The question. Can every $n\in \mathbb N$ can be written:
$$n=a^2\pm b^2\pm c^2$$
where $\pm$ are signs of your choice?
We know with Lagrange's four-square theorem that every integer can be written as the sum of four squares.
Plus, with have Legendre's three-square theorem stated that an integer can not be written as the sum of three squares if, and only if, it is of the form:
$$4^k(8n+7).$$
So we just have to prove (or disprove) it for every number of this form.
I have checked it until $55$, and it seems to work so far. So the number we have to check are these ones.
For instance:
$$31=6^2-2^2-1^2$$
and
$$39=6^2+2^2-1^2.$$
The issue here is that $a$, $b$ and $c$ can be arbitrarily large. For instance:
$$183=14542^2-14541^2-170^2.$$
So I don't really know how to prove or disprove this result, and I think it could go either way.

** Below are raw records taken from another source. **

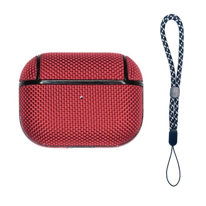 For AirPods Pro 2 Nylon Waterproof Wireless Earphone Case with Lanyard(Red)
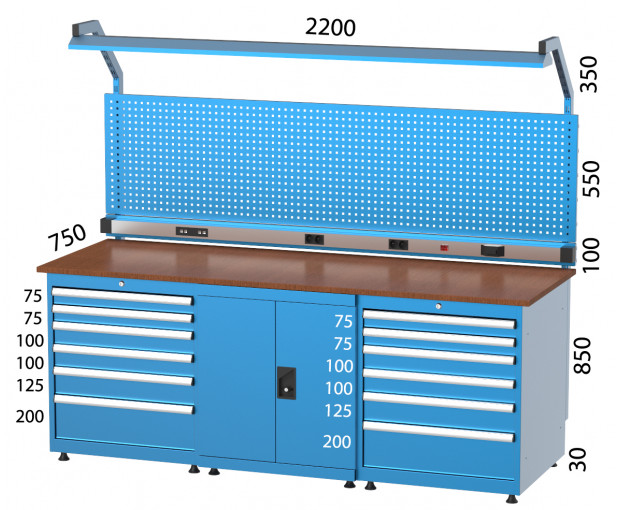 - Чекмеджетата са монтирани на плъзгачи с ролкови лагери, като капацитетa на товароносимост на всяко чекмедже e до 80 kg;
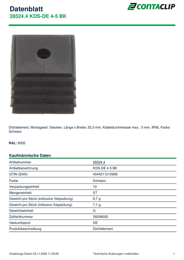28524.4 CONTA-CLIP 28524.4 Element uszczelniający KDS-DE 4-5 BK, (D x S x W) 20.3 x...

Hang on, it's actually quite simple!
So suppose that we have a number $l$. Suppose that $l=pq$, with $p,q$ having the same parity. That is, both $p$ and $q$ are even, or both $p$ and $q$ are odd.
If this is the case, consider $a= \frac{p+q}{2}, b= \frac{p-q}{2}$. Then, note that $a^2 - b^2 = pq = l$!
For example, $183 = 61 \times 3$, so $a=32$ and $b = 29$, and $32^2-29^2 = 1024 - 841 = 183$.
Now, when can $l$ be written in this form? At least when $l$ is odd, because then you can split it into two odd factors (even if one of those factors is $1$ : for example $7=7 \times 1 = 4^2-3^2$) and carry out the above procedure.
Finally, given an even number, just subtract (or add!) $1^2=1$ to make it an odd number,which can be expressed as a difference of squares.
For example: given $39$, we can write $39=13 \times 3 = 8^2 - 5^2$. Given $78$, we can write $78 = 77 + 1 = 11 \times 7 +1 = 9^2-2^2+1^2$.
What is the reason for so much flexibility? Simple : $(a^2-b^2)$ has a non-trivial factorization, while $a^2+b^2$ does not. This is what makes the whole additive theory of squares (and the Waring problem) so interesting and difficult.